Puderam e conseguiram fazer uso dessa história porque fizeram parte dela e ela fazia parte deles agora (historia pessoal de participação). Como identidade isto traduz-se num

conjunto pessoal de acontecimentos, referências, memórias e experiências que cria relações individuais de negociabilidade da prática [WENGER, 1998].

Os alunos dividiram os temas dos post pelos grupos (que já não são os de origem). A cada grupo de cartões correspondiam 3 assuntos (questões investigadas). Isto leva-nos a pensar que não existem vários grupos na turma porque não permanecem os grupos de origem.

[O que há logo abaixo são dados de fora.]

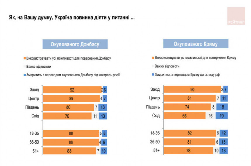 Однак, українці зовсім не готові віддавати ані Крим, ані Донбас: більшість вважають, що Україна має використовувати всі можливості для повернення окупованих територій Донбасу (86%) і Криму (80%). У цьому впевнені мешканці усіх регіонів, і цей показник зараз вищий, ніж у довоєнні часи.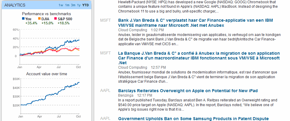 | Portfolio tracking services allow the user to monitor a portfolio. Typically, these websites will send email alerts as portfolio holdings or holdings in a watchlist fluctuate in value or as relevant news becomes available. The top sites track a large number and wide range of securities and holdings, update their data frequently and send timely alerts. Certain sites provide the ability to sync with your brokerage accounts, making it unnecessary to manually update transactions. |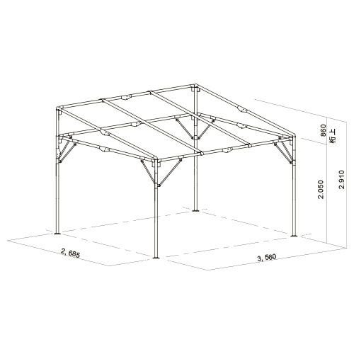 - 片流れテントは屋根の傾斜が一方向のテントで、雨が後ろへ流れるため、受付やイベントに最適です。

Tiraram sempre à sorte para evitar mais conflitos.

A turma pareceu-se mais com um grupo que tem um core: Jacinta, Beatriz, Maria, Eduardo, Nicolau, Tomás e uma vasta periferia em que muitos (mais tímidos) parecem ficar “esmagados” pelo ritmo e facilidade e liderança de outros. É nítida esta separação. Porém, os movimentos na periferia que parecem ser de diversa naturezas (v. secção IV.2.1).

No final das duas aulas concedidas para a elaboração do jogo e perante o desejo dos alunos em testarem o jogo, ficou decidido que este seria jogado, pela turma, na primeira aula de Química do 8º ano.